Wednesday, August 10, 2011

The Adjustment -- Scott Phillips

WWII (the Big One) is over, and Wayne Ogden, the first-person narrator of The Adjustment, has returned home to Wichita, Kansas. He has a job as head of PR for Collins Aircraft, but he does little actual work. His real job is getting booze, whores, and drugs for his boss, Everett Collins. Sure, it's a great job, but Ogden has a wife, and there's a child on the way. He feels tied down by his responsibilities . As a supply sergeant in the army, he had lots of good things going for himself in the black market, and his side job as a pimp was bringing in even more money. Now he feels he's stagnating.

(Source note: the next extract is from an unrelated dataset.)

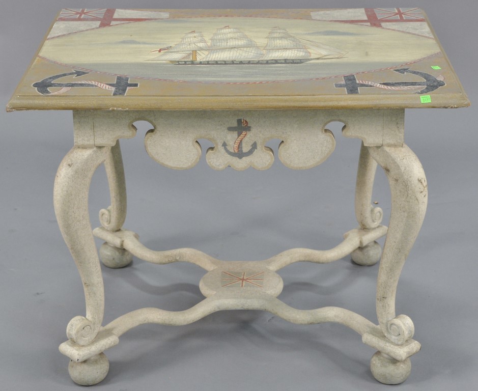 Lot 350: Decorative table painted with three masted ship. ht. 28in., top: 27 x 37

When threatening letters start to arrive, Ogden doesn't worry as much about them as you or I might, but then Ogden's not like most people. He's amoral. He goes about his killing, whoring, procuring, and everything else with a cheerful countenance and a glad heart. He just wishes he could be doing more of all those things.

Just about every character in The Adjustment is as despicable as Ogden. The world he lives in is full of losers, boozers, whores, and people who'd shoot their own mothers if the price was right. And it would be easy to get it right.

Phillips orchestrates all of this perfectly, and it's great reading if you like this kind of thing, as I know you do. It's like an old Gold Medal novel, but with more explicit sex.

One interesting thing. Be sure to read the jacket flap copy. Either whoever wrote it hadn't read the book, or someone's having us on. I report, you decide.